FRASER and house plans don’t seem like a natural fit, but the Bureau of Labor Statistics Bulletin by Leifur Magnusson, Housing by Employers in the United States: Bulletin of the United States Bureau of Labor Statistics, No. 263, makes the connection quite nicely. This 1920 document examines employee housing provided by corporations in the early twentieth century. It also explores employer motivations for providing housing for workers, types of industries that furnish company housing, and costs involved in building and occupying such housing. In addition to this analysis, Magnusson also provides actual floor plans of company houses throughout the country.

staffpicks_companyhousing

Magnusson, Leifur. Housing by Employers in the United States: Bulletin of the United States Bureau of Labor Statistics, No. 263. Washington, DC: Government Publishing Office, 1920, p. 88.

The floor plans reflect how families lived, how society viewed the homes, and what conveniences were considered essential.[1] Since these houses were provided by employers, they also reveal a great deal about how corporations viewed workers and their place in society. Company towns ranged from model developments that went beyond life’s basic necessities and included schools, libraries, and houses with modern conveniences to bare, dismal communities that provided shelter and little else.[2]

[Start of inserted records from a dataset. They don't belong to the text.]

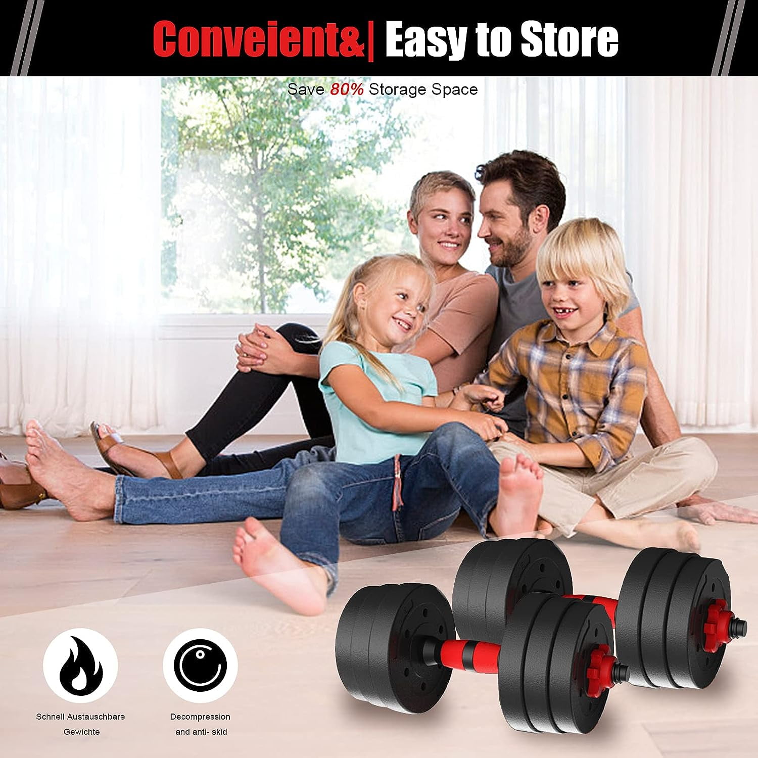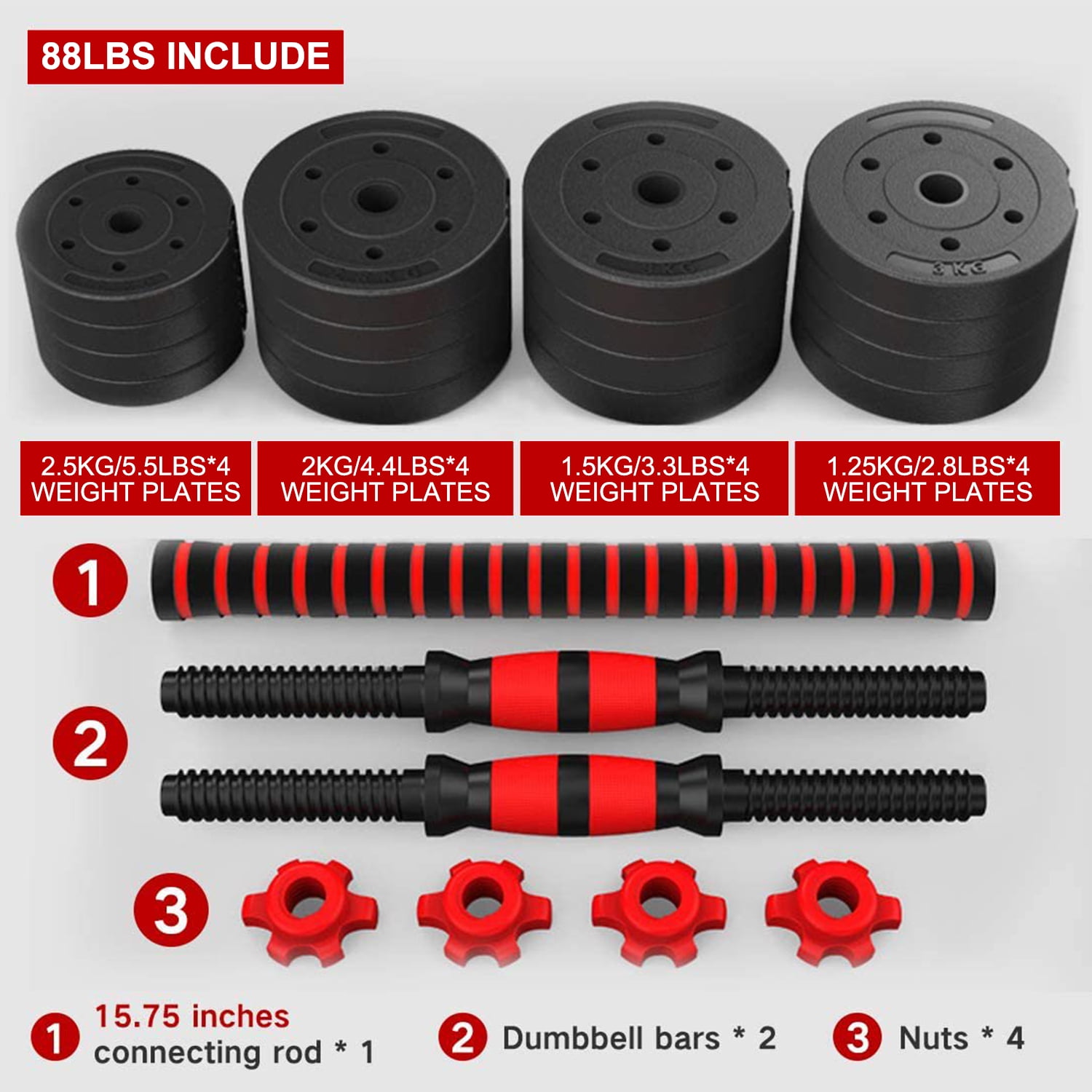 【UPGRADED MATERIAL】 – Our weight plates are filled with iron sand and wrapped with high-grade PE materials. Prevent damage to the floor and rust. The thickened foam connecting rod conforms to the ergonomic design, reduces the pressure on the shoulder, and avoids sports injuries. 【WEIGHT PACKAGE LIST】 – 60 lbs fitness dumbbells include: 4 × 5.5lbs weight plates, 4 × 4.4lbs weight plates, 4 x 3.3lbs weight plates, 4 × 2.75lbs weight plates, 4x dumbbell nuts, 1x connertor and 2x dumbbell bar. You can choose different weights according to your own preferences to meet the intensity needs of you and your family at different stages of exercise. 【3 MODES – FIXTECH】 adjustable dumbbell set, with 3 modes of use: dumbbell, light barbell and heavy barbell. Bring dumbbells to your home,Build your home gym. Get started on your fitness journey with a dumbbell workout! 【THE BEST HOME FITNESS EQUIPMENT】 – 3-in-1 mode, you can carry out a variety of balance strength training to help exercise biceps brachii, leg and abdominal muscles; It can also help maintain low blood fat and increase oxygen intake to obtain a healthy body. 【EASY TO ASSEMBLE AND STORE】 – Depending on your and your family’s exercise needs, you can easily assemble the weight you want. For the exercisers with small space, they can easily disassemble it after use and put it under the table without taking up space.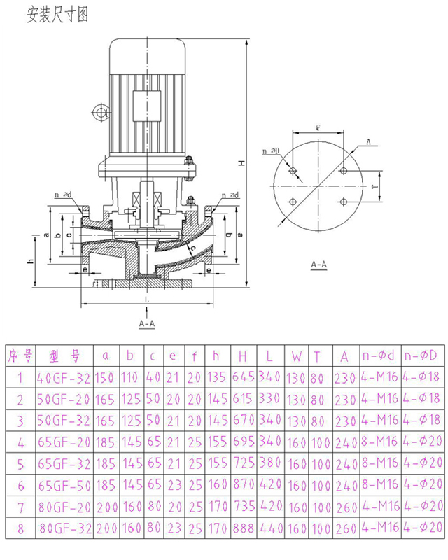 1、GF系列氟塑料管道泵為立式結構,進出口口徑相同,且位于同一中心線上;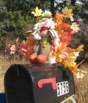 Living out in the country means more space, remoteness, and perhaps some gardening or farming. But apparently it also lends itself to greater creativity when it comes to yard displays. On recent bike rides, I couldn’t resist capturing some of the fun fall yard decorations that I passed along the road. Scarecrows were popular, but so were simple hay and pumpkin designs. My personal favorite is the colorful scarecrow family, whose pumpkin heads are filled with straw. I’ll take these over strings of pumpkin lights any day.
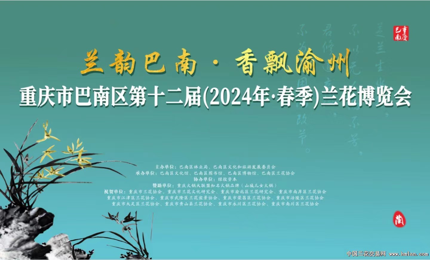 【十五】2024年2月22日-24日,重庆市巴南区第十二届(2024.春季)兰花博览会将在重庆 巴南区文化馆一楼平面艺术展厅举办。联系人:王伦:13308379388 朱茂:18723333316 陈杰:136383333366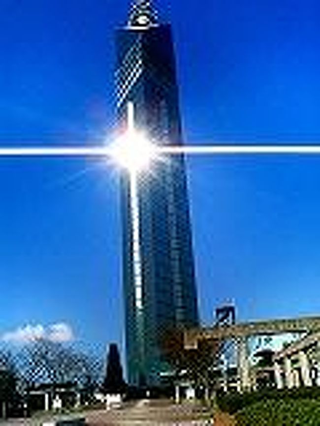 余裕時間に訪れた福岡タワーに太陽の日差しが反射。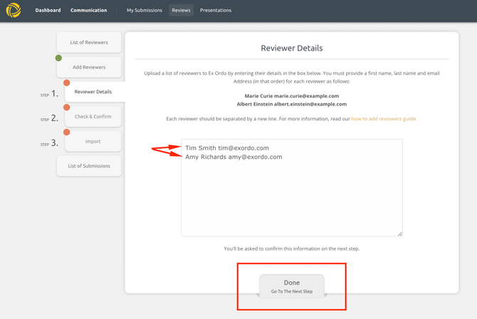 Be sure to ensure that each reviewer is listed on a separate line. Click the Done button to move to the next step.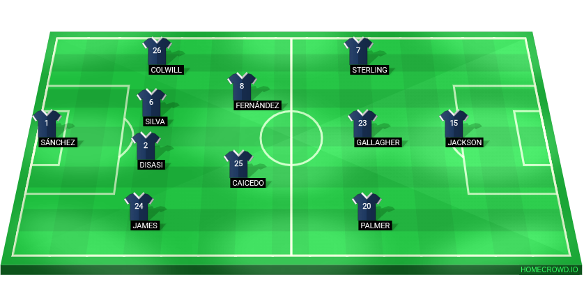 Predicted Chelsea XI: Sanchez; James, Disasi, Silva, Colwill; Caicedo, Fernandez; Palmer, Gallagher, Sterling; Jackson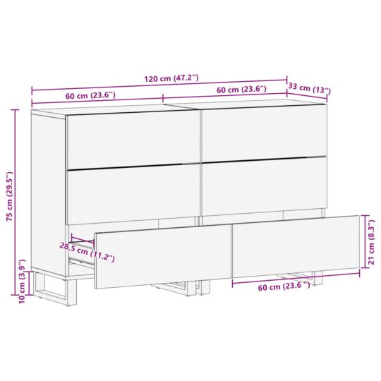- Construcție din lemn masiv de mango: Sideboardul e realizat din lemn masiv de mango, cunoscut pentru forța și frumusețea sa naturală. E solid și durabil, iar textura unică adaugă un plus de caracter spațiului tău.

Company housing dots American landscape even today as historical neighborhoods or modern communities. For example, the Pullman neighborhood in Chicago, Illinois was developed for the employees of the Pullman Palace Car Company and Hershey, Pennsylvania was a planned community for the Hershey family and workers. Both of these are included in the BLS survey. Facebook’s Anton Menlo development in Menlo Park, California, is a recent example of company housing. Magnusson’s survey of company housing in two industries (mining and manufacturing) provides valuable insight into the creation of these important features in the American landscape. Elements in this report appeal to economists, economic historians, architects, cultural historians, and researchers interested in historic buildings and company towns.

[1] For a more thorough discussion of domestic architecture and American life, see Wright, Gwendolyn. Building the Dream: A Social History of Housing in America. First edition. New York: Pantheon, 1981. 

[2]Garner, John. The Company Town: Architecture and Society in the Early Industrial Age. New York: Oxford University Press, 1992.